Re: tag name state from David Carlisle on 2012-03-03 (public-xml-er@w3.org from March 2012)

From: David Carlisle <davidc@nag.co.uk>
Date: Sat, 03 Mar 2012 17:53:33 +0000
To: public-xml-er@w3.org
Message-ID: <4F525A9D.6060706@nag.co.uk>

On 03/03/2012 16:40, Noah Mendelsohn wrote:

> Still, it's not impossible that because of the advantages in the
> many cases where the output will correspond to well-formed XML, we
> may want to document text output for all cases. Specifically, and
> this is just a proposal for consideration:
>
> 1, When the input is well formed, we specify a 1-to-1 mapping
> (unless someone sees value in using c14n)

I'm not sure exactly what you men by 1-to-1 here as opposed to c14n.
I think that there is inevitably a certain amount of canonicalisation
implied when comparing two xml documents. encoding weirdness and
attribute order at least mean we can't insist that you get byte-for-byte
identical output given well formed document as input.

>
> 2. In the many cases where the fixed up output does correspond to
> well formed XML, we specify a mapping to a well formed XML stream

I really think that this should always be true and we define things so
(3.) below can't happen.

>
> 3. In the cases where the output does not correspond to a well
> formed stream, e.g. because we allow non-XML characters, we specify
> a mapping to a non-well formed stream, e.g. one in which the tags
> contain characters that XML considers illegal.

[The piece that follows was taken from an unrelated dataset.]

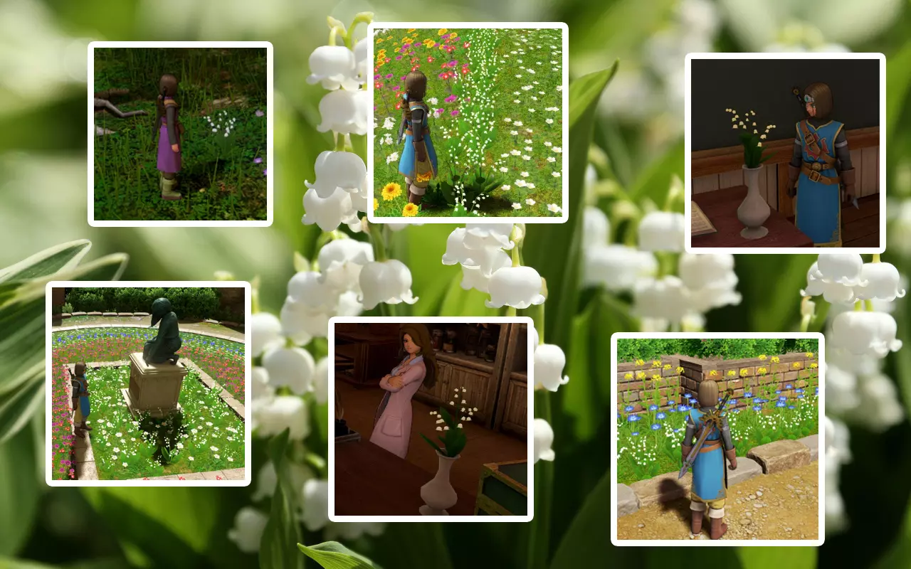 无处不在的铃兰元素 徽女制服 白天学生们身穿的徽女制服为深蓝色的百褶裙套装,搭配红色丝带和平底鞋,显得知性淑女又不失青春气息。看到这些充满朝气的学生,罗不禁回忆起了和妻子在书店见面的场景。 新晋入学的女孩会戴上代表低年级生的帽子。到了晚上,学生们则会换上粉红色的睡裙。 徽女制服与睡裙均由当红设计师卡尔文·尚保罗提(カルバン・ジャンポルテ)设计。这个名字是在致敬《勇者斗恶龙6》中选美大赛的主办人(日文写法相同,在《勇者斗恶龙6》中译作贾博尔特)。其灵感可能来源于时尚品牌卡尔文·克莱因(Calvin Klein)和让-保罗·高缇耶(Jean Paul Gaultier)。校园中只有汉娜身穿改良版的红色长裙徽女制服。不良少女穿长裙的最大实用考量是避免走光,毕竟要是一蹲下就露出内裤,那么无论说多少不良用语来威胁别人,也毫无震慑力可言;短裙在打斗时也会显得很尴尬。虽然有裙内藏武器的说法,但通常不会做到那种程度。 腐烂尸体柯儿特是唯一身穿制服的魔物,不过由于酸液的腐蚀,它的衣服已经破破烂烂,即便到了晚上也不会更换成睡裙。 初次进入学园的维罗妮卡被误认为是前来报名就读的小姑娘。当收到低年级学生的制服时,她十分生气,但转念一想,自己好不容易变年轻了,或许来这里上学也是个不错的选择。在与妹妹重逢后,卡缪在对话中表示希望康复后的玛雅也能来这里读书,虽然知道她不会同意,但他觉得妹妹穿制服一定很适合。 主人公团队的三位生理女性都可装备徽女制服。维罗妮卡穿上后会像低年级学生一样戴着帽子,公主穿上后则是沿用了高跟御姐的设定——黑色高筒袜搭配高跟鞋。 游戏后期可获得传说中的徽女制服,主色调从深蓝色变为了白色,拥有着不俗的防备力和魅力加成。这里的“传说”前缀只说明品质,和稀有度并没有什么关系。只要荷包充裕,传说的徽女制服可以从商店无限量购买,反倒是普通的徽女制服在正常流程中只能获得三件,显得更加稀有。

Despite the fact that there are obvious uses with DOM/CSS based stack I
do not think we should allow this. If xml-er denotes error recovery then
really it should recover from errors and bad element names are just the
same category of WF error as missing end tags, if we recover from one we
should recover from both. In the first iteration of the spec we should
be aiming to limit (and preferably abolish) optional behaviours, so
since the xml stack requires well formed XML XML-ER should produce that,
even though some of the requirements implied by that are not needed for
DOM/CSS usage.

David

Received on Saturday, 3 March 2012 17:53:56 UTC